# Yikes! What IS This??!! in Emerald Isle NC...Totally Silent. Daughter took these 4 Photos



## Lara (Jan 31, 2022)

This JUST happened after sunset in Emerald Isle NC! My daughter took these photos with her iPhone11. It was completely silent as it happened.
Someone on Facebook just posted a photo of it too asking if anyone knows what it is. No one knows so far, but it's been less than an hour now. What could it possibly be? Any ideas? 4 Photos...


----------



## Tabby Ann (Jan 31, 2022)

It looks like a common water spout that occurs occasionally over the ocean, and this one has the sun going down in the background. According to National Geographic, a water spout is a column of rotating cloud filled wind that descends from a cumulus cloud to an ocean or a lake. For more info see the National Geographic link below:

https://www.nationalgeographic.org/encyclopedia/waterspout/print/


----------



## Pink Biz (Jan 31, 2022)




----------



## Lara (Jan 31, 2022)

Interesting thought there Tabby Ann. It was such a clear night though with no storm activity.


----------



## Lara (Jan 31, 2022)

Pink Biz! Don't scare me like that


----------



## Murrmurr (Jan 31, 2022)

Maybe a volcanic eruption?

I hope a ship didn't explode or something.


----------



## Lara (Jan 31, 2022)

It sure better not be a volcanic eruption or I'm in for a serious Tsunami any second now!  I haven't heard anything yet about a ship.


----------



## Murrmurr (Jan 31, 2022)

Lara said:


> It sure better not be a volcanic eruption or I'm in for a serious Tsunami any second now!

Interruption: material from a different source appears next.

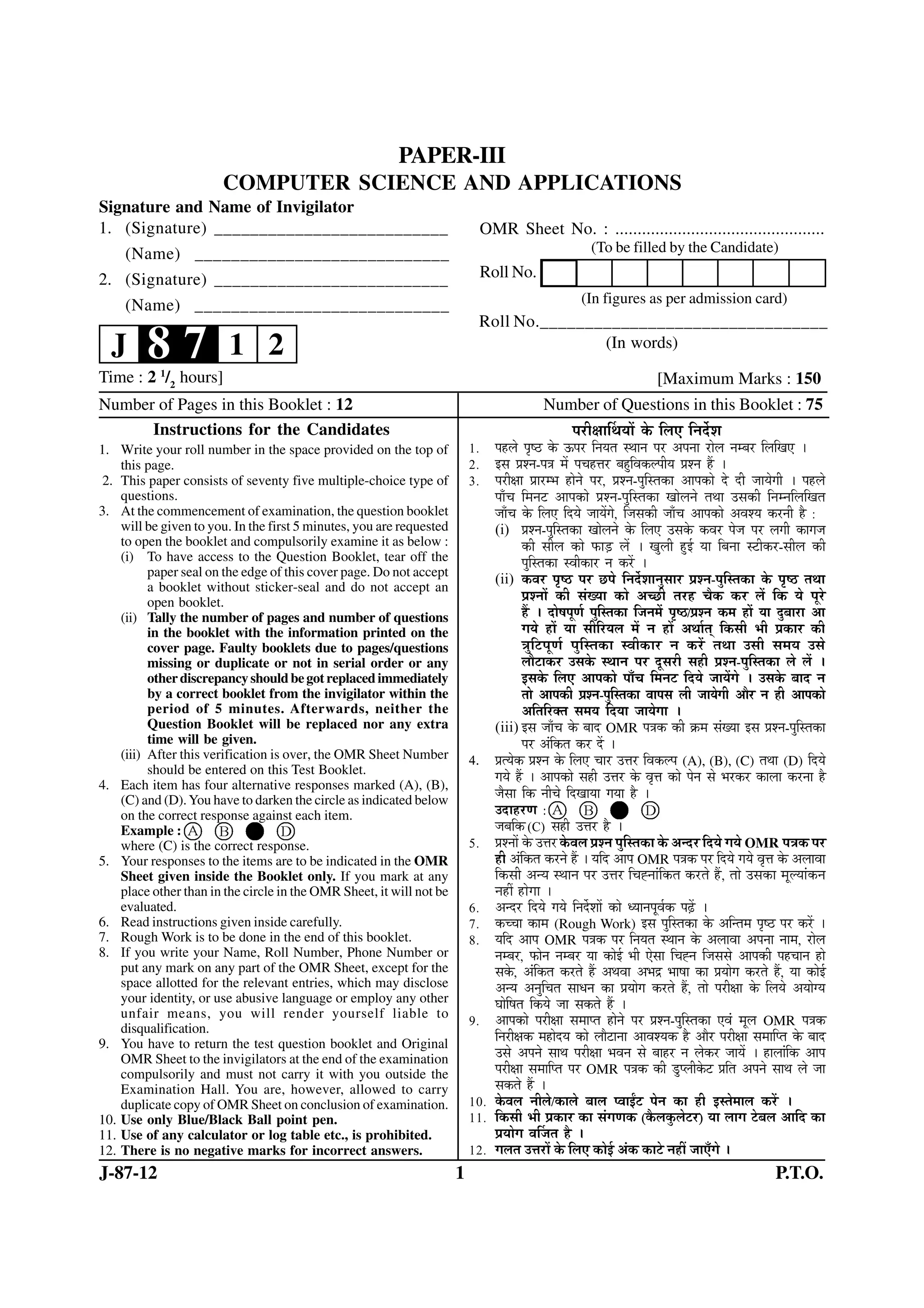 2. Students must fill in their roll number and OMR sheet number. They are instructed to carefully examine the question booklet for issues like missing pages or questions and to notify invigilators if problems are found.

Oh yeah, true. It's probably a water-spout. It doesn't look like one to me but only because the ones I've seen are not as wispy-looking as whatever that is.


----------



## Tabby Ann (Jan 31, 2022)

Lara said:


> Interesting thought there Tabby Ann. It was such a clear night though with no storm activity.


The most common water spout doesn't require a storm to form. They exist in their own limited environment less than 2 kilometers wide caused by differences in atmospheric conditions. The stronger super cell water spouts can be associated with storms. Wikipedia explains this in the link below.
https://en.wikipedia.org/wiki/Waterspout


----------



## Murrmurr (Jan 31, 2022)

Tabby Ann said:


> The most common water spout doesn't require a storm to form. They exist in their own limited environment less than 2 kilometers wide caused by differences in atmospheric conditions. The stronger super cell water spouts can be associated with storms. Wikipedia explains this in the link below.
> https://en.wikipedia.org/wiki/Waterspout


And it looks like there was a full moon, which can effect atmospheric conditions.


----------



## Lara (Jan 31, 2022)

Murrmurr said:


> And it looks like there was a full moon, which can effect atmospheric conditions.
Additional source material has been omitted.